Het stoptreintje staat te
wachten op perron 1: het is nog maar eens een wijnrood tweetje. Ik hoop dat die
nog lang moeten meegaan om aan het stijgend aantal reizigers tegemoet te komen,
al zie je van die stijging niets in deze L-trein naar Libramont. Het komt er
tot Aye vooral op aan niet te vroeg te rijden, ondanks een vertragingszone
wegens werken aan de rotsen langs de lijn. In Leignon stapt zowaar nog een
medereiziger in: vanaf hier zitten er meer reizigers in eerste klas dan in
tweede.
Erg veel tijd hebben we niet
gehad voor deze tocht (anders was het ofwel rijden via Marloie, ofwel 2 uur
wachten), maar toch komen we nog een kwartiertje te vroeg in Aye aan. Ik reken
eigenlijk niet meer op een treinfoto, en zo laat ik me dan ook compleet
verrassen door een trein met een wel erg speciale samenstelling. In Ciney zal
ik een magere troostprijs krijgen, met 4 oude diesels en nog wat Luxemburgs
materieel.
In Haversin komt een
reizigster vragen of we de TBG ergens gezien hebben. Sommige mensen gaan echt
op zoek om een biljet te kunnen kopen, anderen bewegen hemel en aarde om
daaraan te kunnen ontsnappen. Bij sommige vrij onbeweeglijke TBG's is dat niet
eens moeilijk, maar deze doet zijn job en even later zal mevrouw bediend
worden.
De aansluiting in Ciney is
optimaal, en ook nu lijken alle treinen goed op tijd te rijden. Net als de
L-trein hebben we ook voor de IC hetzelfde materieel als vanmorgen. De trein
vervoert nogal wat spoorwegpersoneel dat allerlei P-treinen naar Namur en
verder moet bemannen, straks tijdens de spits, en echt rustig wordt het pas
vanaf Namur, als de grootste muilen uitgestapt zijn. Ondanks de drukte van de
vrijdagnamiddag zitten er nauwelijks reizigers in eerste klasse met een tweedeklasbiljet.

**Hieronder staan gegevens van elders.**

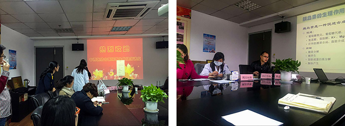 醫(yī)生分析公司存在比較多的健康問(wèn)題是血脂高、血糖高、脂肪肝、高尿酸血癥以及甲狀腺結(jié)節(jié)等。對(duì)于脂肪肝,醫(yī)生重點(diǎn)分析了其形成原理,讓我們更加懂得了合理飲食的重要性。而對(duì)于血糖高的問(wèn)題,醫(yī)生帶了血糖檢測(cè)儀,給參會(huì)的每個(gè)人免費(fèi)做了血糖檢測(cè),并講解了血糖和糖尿病的相關(guān)醫(yī)學(xué)知識(shí),尤其是糖尿病現(xiàn)在已是國(guó)人的第二大健康殺手,必須引起重視,所以醫(yī)生重點(diǎn)講了控制血糖,糖尿病的治療和預(yù)防措施。甲狀腺結(jié)節(jié)也是公司很多員工都存在的健康問(wèn)題,醫(yī)生也對(duì)甲狀腺結(jié)節(jié)的知識(shí)做了介紹,重點(diǎn)是定期檢查,注意飲食。期間也有員工就自己的健康問(wèn)題做了咨詢(xún),也有員工帶了自己的體檢報(bào)告給醫(yī)生,醫(yī)生都做了認(rèn)真的講解。
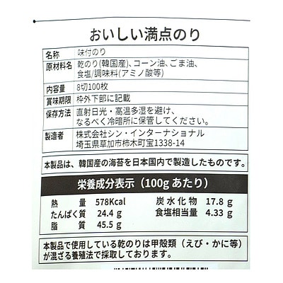 - > シン・インターナショナル おいしい満点のり 8切100枚

Daar zorgt een vlijtige TBG voor die regelmatig zijn ronde doet, en de
overtreders vriendelijk vraagt te verhuizen. Het staat hen vrij in het volgende
rijtuig te gaan zitten, dat gedeclasseerd is. De brave man bewijst meteen dat
het mogelijk is om de reglementen te doen naleven, als je er werk van maakt.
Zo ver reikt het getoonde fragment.